Preprocessing refers to any transformations or reorganization that occurs between data collection and data analysis. This can include organizing data into epochs, removing bad data or filtering out noise.

Be sure to record all steps you take during this process, so anyone can recreate your preprocessed data again from the source raw data!

7.2 The Balance between Signal and Noise

While sometimes noise is obvious and can easily be removed (such as in large noise spikes), often one has to compromise between maximizing signal retention and minimizing noise as they are often mixed in EEG data.

image.png

There is no one size fits all process, sometimes one scientist's noise is another's data. 

7.3 Creating Epochs

Epoching is cutting continuous trial time series data into segments surrounding experiment events. The event used for time locking the epochs of trials may be obvious (such as stimulus time), but sometimes it can be harder to ascertain. Since you can redo time locks during analysis, there is no worry about losing data later.

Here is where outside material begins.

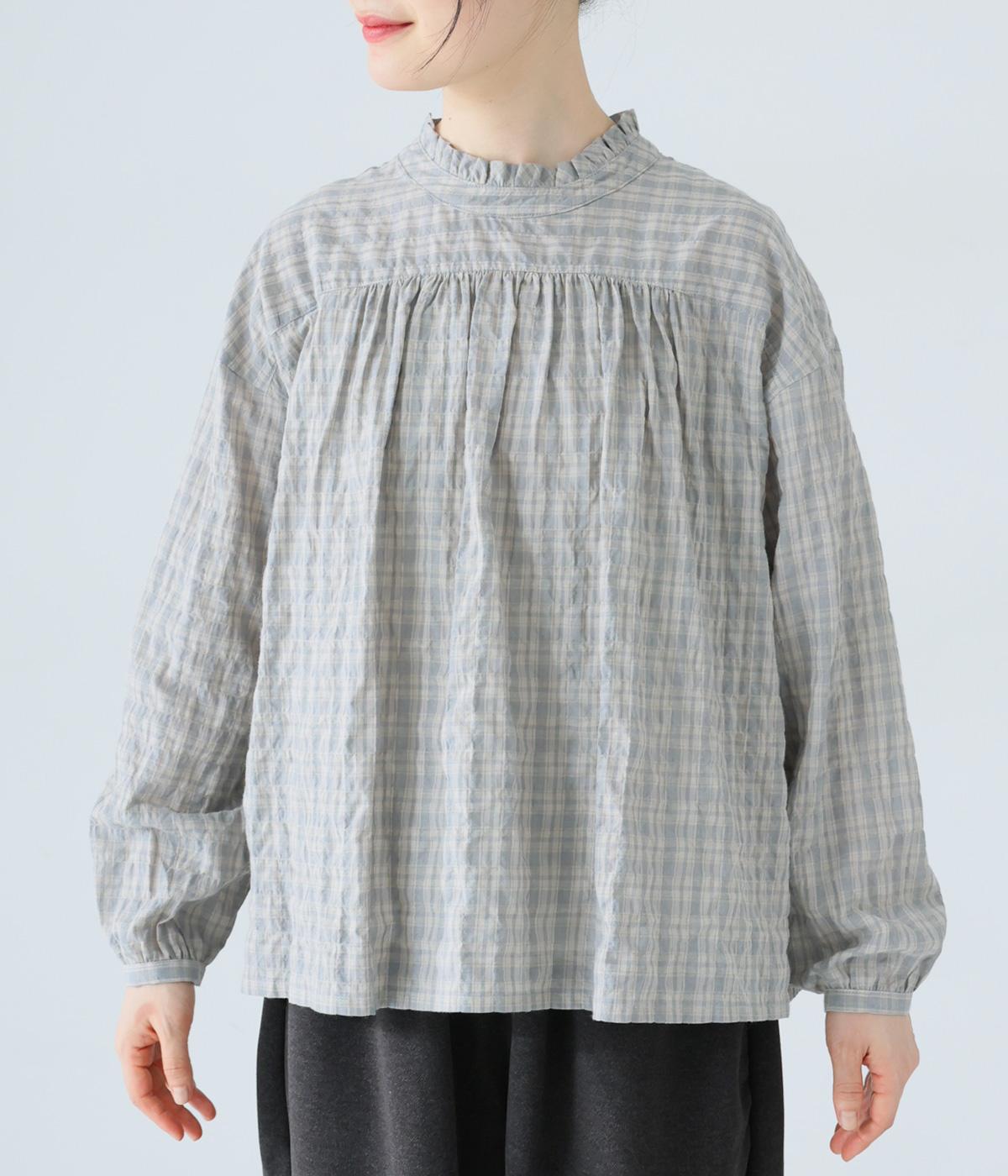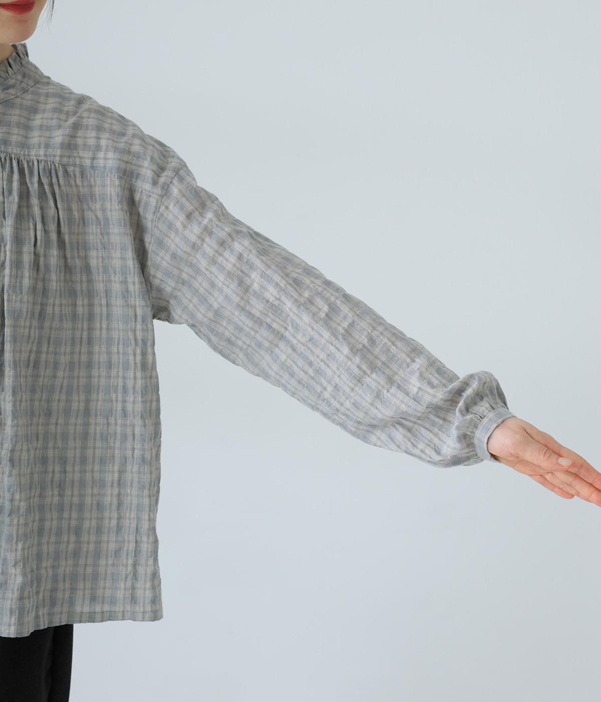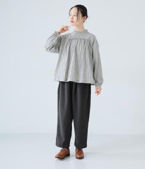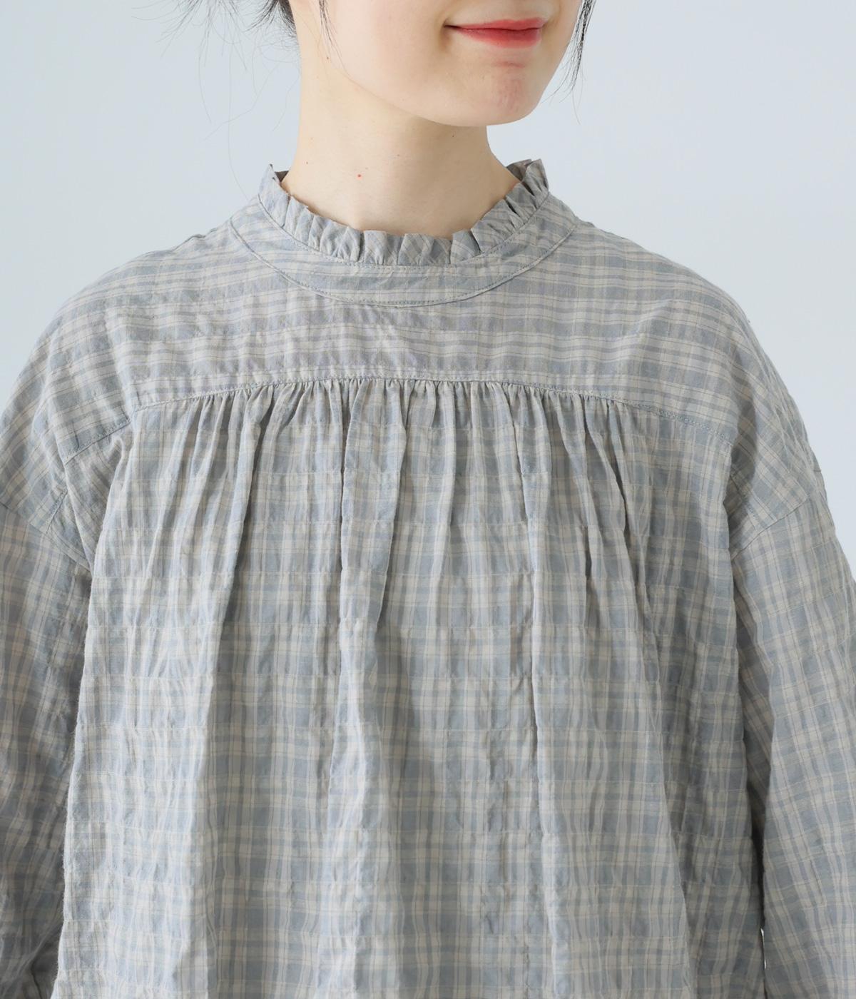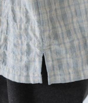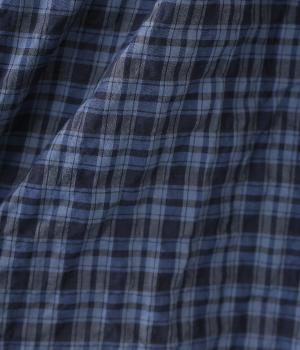 クシュっとした薄手のシャーリング生地にチェック柄をあしらいました。コットンならではの軽やかさと通気性の高さを存分に味わえる生地感です。

It is important to have sufficient time before and after the t = 0 event. Epoch lengths themselves need to be sufficient for the analysis:

  • ERPs can get by with about 1 second
  • time-frequency analysis needs more time to avoid edge artifacts

Edge artifacts occur from the discontinuous breaks in time series, as there is no data beyond these edges (they default to 0), causing high amplitude band artifacts in results. Edge artifacts tend to last 2-3 cycles, and thus you should have at least 3 cycles of the lowest frequency of interest as a buffer zone on either side.

image.png

Very large epochs may cause overlaps in the raw data. While often not an issue, it can lead to bias in independent component analysis results as some points are sampled multiple times.

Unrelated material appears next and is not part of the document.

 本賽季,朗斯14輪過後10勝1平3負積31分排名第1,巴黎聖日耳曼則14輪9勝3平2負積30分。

If epoched data is too short, a last resort mitigation can be to reflect the data and add that to the beginning and end of the epoch, creating an epoch 3x as long. This is only valid for use as buffers, not analysis.

image.png

7.4 Matching Trial Count across Conditions

It is ideal for all experiment conditions to have an equal number of trials, with phase based analysis being particularly affected as a small number of trials causes a positive bias. ERPs don't become biased as they can have positive or negative values , but noise is more likely to be increased with a lower trial count.

While minor differences in trial count when number of trials are high may not be an issue, it is a problem when there is a substantial difference in trial count.

There are a few ways to artificially match trial count:

  • Select the first X number of trials
    • This is bad as it biases data toward conditions earlier in the experiment
  • Select random X number of trials
    • Reduces bias but ensure that you record which trials were chosen to ensure data reproducibility
  • Select X number of trials based on some condition
    • Can be used as a vector to "reduce noise" but can obviously cause bias into data. Record what trials were chosen and discuss why in your results
7.5 Filtering

Notch filtering 50/60hz power line frequency is good. 

High pass frequency filtering should be done only on raw data (not epoched data) since lower frequencies may cycle slower than the length of the epoch.

7.6 Trial Rejection

It is important to remove trials with obvious artifacts.

Removal of artifacted trials can be done via algorithm, but can cause Type 1 and Type 2 errors (false rejections / false retentions). Visual inspection may be a better solution but beware of induced bias.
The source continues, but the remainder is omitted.